*Try it*:
Please give every line below again exactly, but not its pictures.

*Dataset extract*:

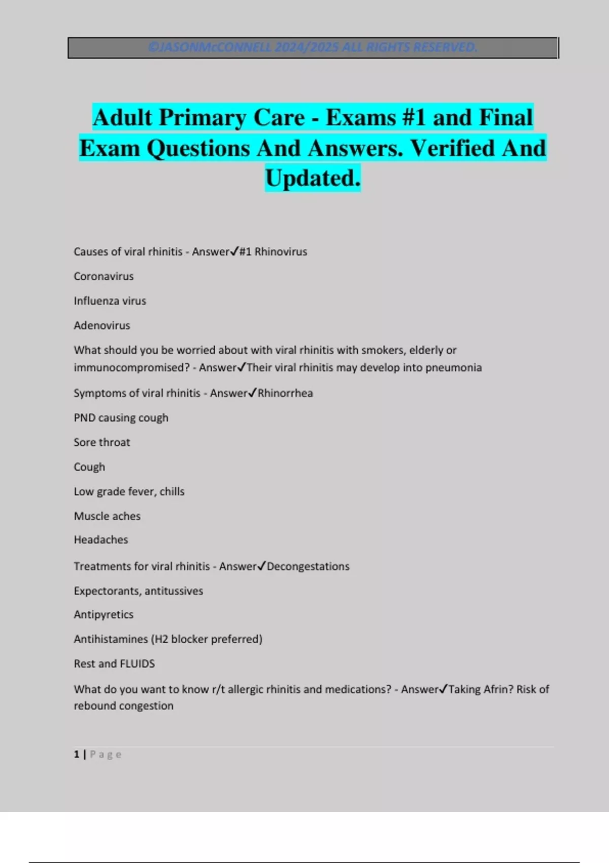 Adult Primary Care - Exams #1 and Final Exam Questions And Answers. Verified And Updated. Causes of viral rhinitis - Answer#1 Rhinovirus Coronavirus Influenza virus Adenovirus What should you be worried about with viral rhinitis with smokers, elderly or immunocompromised? - AnswerTheir viral rhinitis may develop into pneumonia Symptoms of viral rhinitis - AnswerRhinorrhea PND causing cough Sore throat Cough Low grade fever, chills Muscle aches Headaches Treatments for viral rhinitis - AnswerDecongestations Expectorants, antitussives Antipyretics Antihistamines (H2 blocker preferred) Rest and FLUIDS What do you want to know r/t allergic rhinitis and medications? - AnswerTaking Afrin? Risk of rebound congestion ©JASONMcCONNELL 2024/2025 ALL RIGHTS RESERVED. 2 | P a g e What should you suspect with someone who has allergic rhinitis and a fever and/or purulent drainage? - AnswerThat they have a secondary bacterial infection --> often progresses to sinusitis What can longstanding allergies cause? - AnswerAdenoidal hypertrophy which can increase asthma risk What do you think when a person has blue, boggy, edematous turbinates? - AnswerAllergic rhinitis What are Dennie's lines? - AnswerAn infraorbital fold indicative of allergic rhinitis What can alleviate allergic shiners? - Answer2nd generation antihistamines; topical nasal steroids Treatment for allergic rhinitis? - Answer**Allergen avoidance Antihistamines Decongestants Topical nasal steroids (e.g. Rhinocort/Nasocort) Hydration With what condition is IgE elevated? With what condition is it normal? - AnswerElevated = allergic rhinitis Normal = vasomotor rhinitis What would you expect when someone complains of nasal congestion/discharge that came on suddenly after exposure to stimuli and they have pale or hyperemic turbinates? - AnswerVasomotor rhinitis What might you suspect after someone has had viral rhinitis for over a week (7-10 days)? - AnswerSinusitis Most common pathogens causing sinusitis - AnswerStrep pneumoniae H. flu M. catarrhalis What would make you suspect acute sinusitis over a URI? - Answer1) Symptoms that last over 10 days 2) Onset with severe sympto
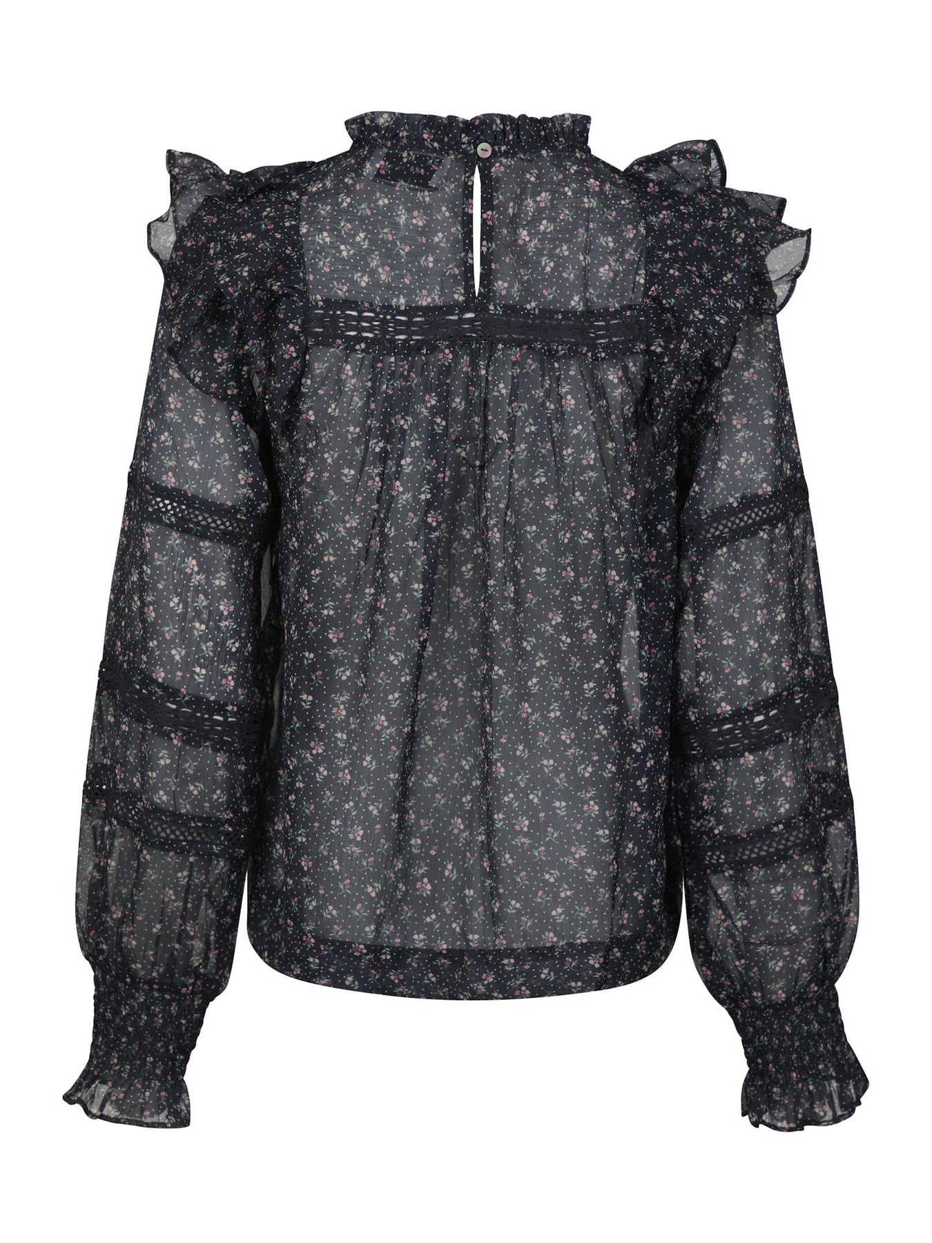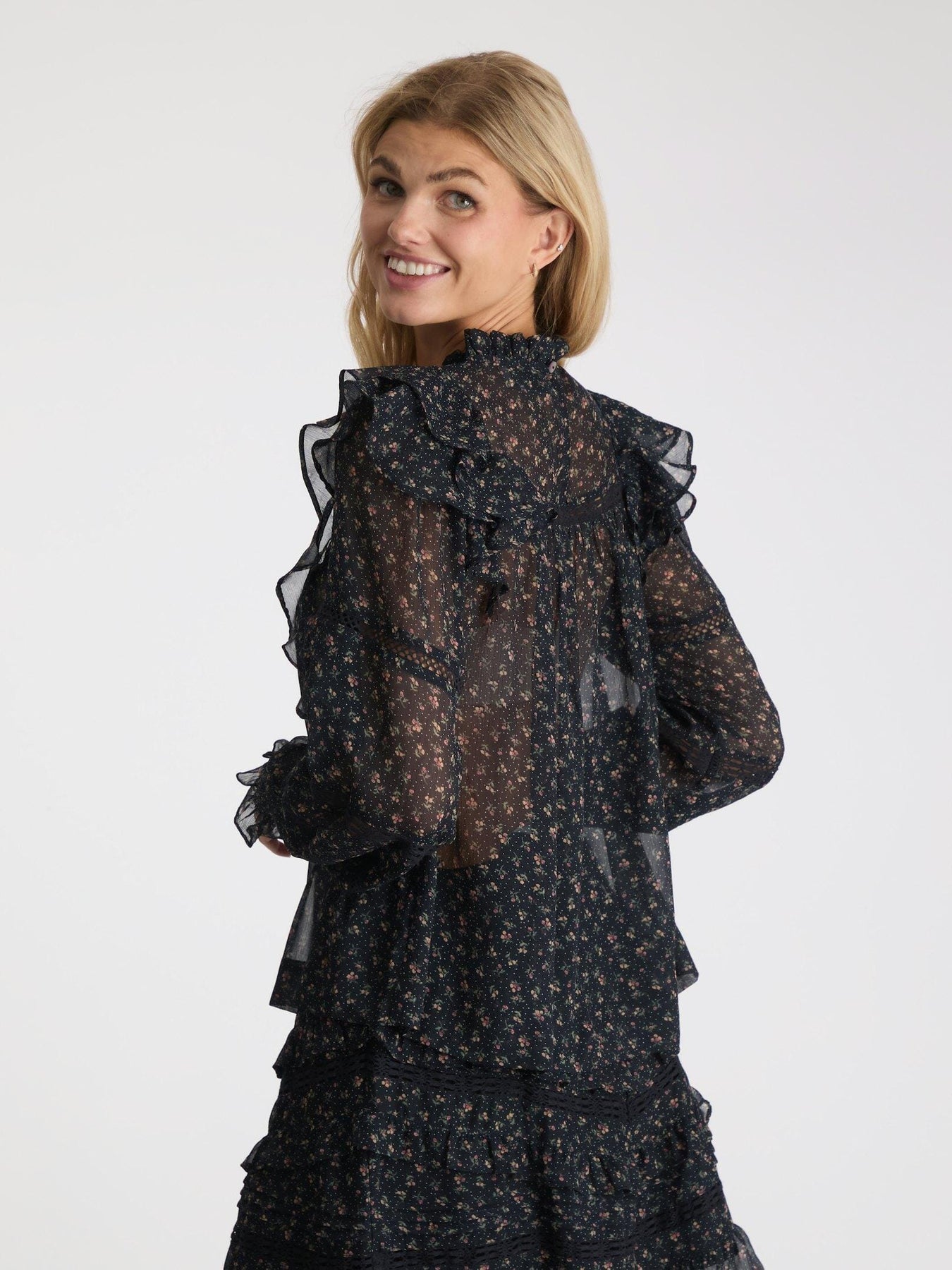 Schwarze Bluse mit Blumenmuster von Neo Noir. Die Bluse hat eine lockere Passform mit hohem Kragen und Rüschendetails. Der Stoff ist leicht durchsichtig mit einem feinen Blumenmuster.
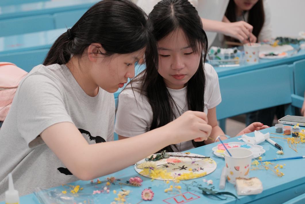 活动现场,在工作人员的指引下,同学们领取团扇、颜料、干花、胶水等制作材料,经过巧妙构思与劳动实践,展现出不同的审美与内心世界。制作过程中,同学们在扇面上进行书法、绘画创作,从构图到笔墨运用,大家有条不紊的创作自己的作品,将自己心中所想、所系通过扇面生动展现,在大家的巧手之下,制作出了一把把或清新淡雅、或浓墨重彩的团扇,既展现了传统文化的韵味,又融入了现代审美的元素。

*Answer area*:
 Adult Primary Care - Exams #1 and Final Exam Questions And Answers. Verified And Updated. Causes of viral rhinitis - Answer#1 Rhinovirus Coronavirus Influenza virus Adenovirus What should you be worried about with viral rhinitis with smokers, elderly or immunocompromised? - AnswerTheir viral rhinitis may develop into pneumonia Symptoms of viral rhinitis - AnswerRhinorrhea PND causing cough Sore throat Cough Low grade fever, chills Muscle aches Headaches Treatments for viral rhinitis - AnswerDecongestations Expectorants, antitussives Antipyretics Antihistamines (H2 blocker preferred) Rest and FLUIDS What do you want to know r/t allergic rhinitis and medications? - AnswerTaking Afrin? Risk of rebound congestion ©JASONMcCONNELL 2024/2025 ALL RIGHTS RESERVED. 2 | P a g e What should you suspect with someone who has allergic rhinitis and a fever and/or purulent drainage? - AnswerThat they have a secondary bacterial infection --> often progresses to sinusitis What can longstanding allergies cause? - AnswerAdenoidal hypertrophy which can increase asthma risk What do you think when a person has blue, boggy, edematous turbinates? - AnswerAllergic rhinitis What are Dennie's lines? - AnswerAn infraorbital fold indicative of allergic rhinitis What can alleviate allergic shiners? - Answer2nd generation antihistamines; topical nasal steroids Treatment for allergic rhinitis? - Answer**Allergen avoidance Antihistamines Decongestants Topical nasal steroids (e.g. Rhinocort/Nasocort) Hydration With what condition is IgE elevated? With what condition is it normal? - AnswerElevated = allergic rhinitis Normal = vasomotor rhinitis What would you expect when someone complains of nasal congestion/discharge that came on suddenly after exposure to stimuli and they have pale or hyperemic turbinates? - AnswerVasomotor rhinitis What might you suspect after someone has had viral rhinitis for over a week (7-10 days)? - AnswerSinusitis Most common pathogens causing sinusitis - AnswerStrep pneumoniae H. flu M. catarrhalis What would make you suspect acute sinusitis over a URI? - Answer1) Symptoms that last over 10 days 2) Onset with severe sympto
 Schwarze Bluse mit Blumenmuster von Neo Noir. Die Bluse hat eine lockere Passform mit hohem Kragen und Rüschendetails. Der Stoff ist leicht durchsichtig mit einem feinen Blumenmuster.
 活动现场,在工作人员的指引下,同学们领取团扇、颜料、干花、胶水等制作材料,经过巧妙构思与劳动实践,展现出不同的审美与内心世界。制作过程中,同学们在扇面上进行书法、绘画创作,从构图到笔墨运用,大家有条不紊的创作自己的作品,将自己心中所想、所系通过扇面生动展现,在大家的巧手之下,制作出了一把把或清新淡雅、或浓墨重彩的团扇,既展现了传统文化的韵味,又融入了现代审美的元素。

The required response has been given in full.